Значит, ни тот, ни другой.
Однажды, несколько десятилетий спустя я стояла в Хора и смотрела вниз на утихающее море. Вечерело. Монастырь успокоился, туристы отправились восвояси. Над переулком катился шар. Детские крики и тишина. В ней было что-то солёное.
От солнца остался только красноватый отблеск. Который медленно перетекал в фиолетовый. С приближением «волка» фиолетовый чернел. Все черное: небо, вода.
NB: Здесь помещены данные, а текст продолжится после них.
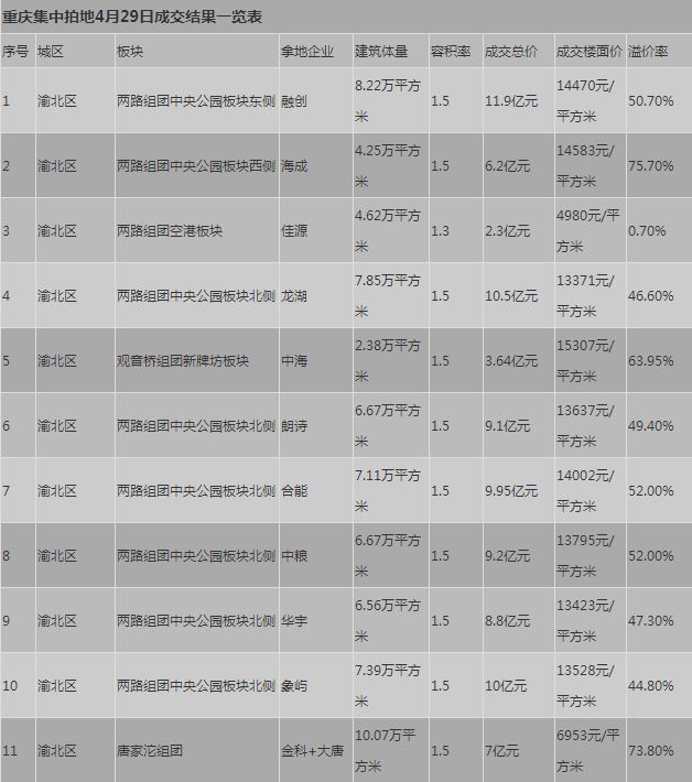 4月29日拿地的企业当中,融创和保利成了最大的赢家。其中融创将3块土地收入囊中,包括1块独立拿的两路组团中央公园板块的土地,成交总价11.9亿元,成交楼面价14470元/平方米;与弘阳和中梁联合拿的巴南区界石组团的两块土地,总计25万平方米,总价11.29亿元。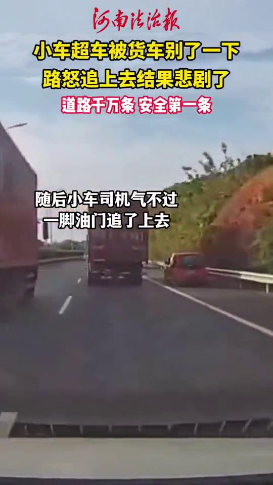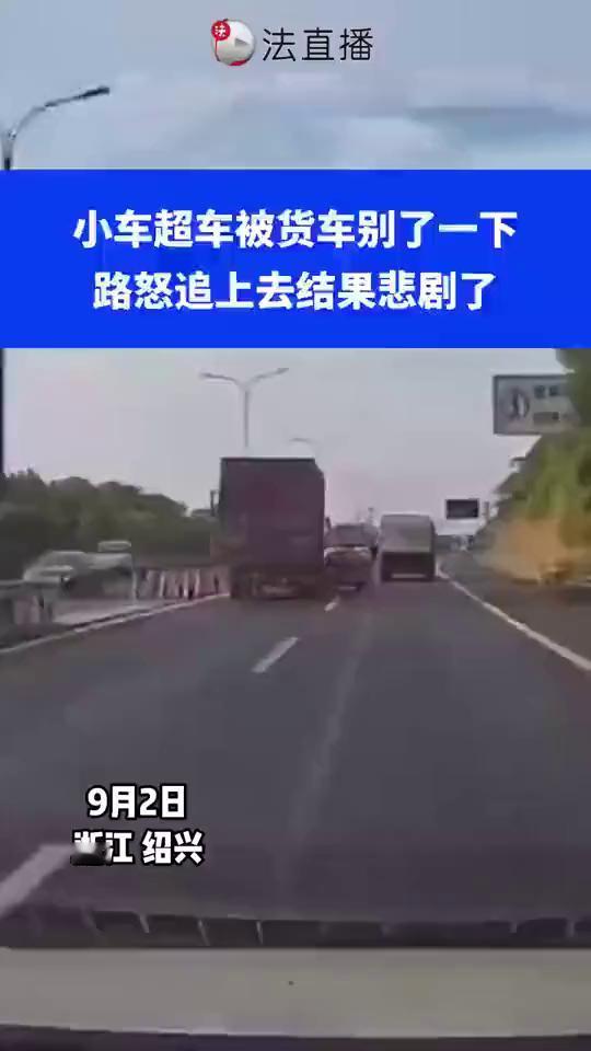 小车超车被货车别了一下,路怒追上去结果悲剧了。 河南法治报。 9月2日,浙江绍兴。道路千万条,安全第一条。小车想要从右侧超车时,大货车也右转变道,右侧出现一辆三轮车,导致小车被迫减速。随后小车司机气不过,一脚油门追了上去。没有超车条件情况下,强行变道超车,结果直接被大货车压了过去。

Кроме звезд.
Я думала, что не выдержу такой красоты. Одна. Снова я была маленькой, как точка, и вместе с тем едина с ночью. В надежных руках. Кто бы объяснил. Андромеда, Кассиопея. И как я плакала.
XXXVIII. Больше никаких глупостей, больше музыки
Скажи, спрашивает Вера, ты пойдешь с нами?
Куда?
Пугать мальчишек.
Я говорю да, а потом нет. Что-то у меня нет настроения гоняться по кустам за всякими Фрицами, Гансами или как их там еще, и пугать криками «У-у-у-у!!!».
Вера говорит: Опять ты со своим Достоевцки.
Я говорю: Достоевским. Ну, ладно бы еще переселиться в кущи или построить шалаш – куда ни шло.
Но сейчас же не время суккота!
Жалко.
Вера говорит, что я стала скучная. Думаю о чем-то все время.
Вероятно, она права. Вероятно, я стала скучная, потому что мне все в будничной жизни кажется скучным.
Книги меня испортили.
Только играя в «географию», ты просыпаешься, говорит Вера. И она опять права. Мы путешествовали наперегонки. Нам нравилось быть вместе.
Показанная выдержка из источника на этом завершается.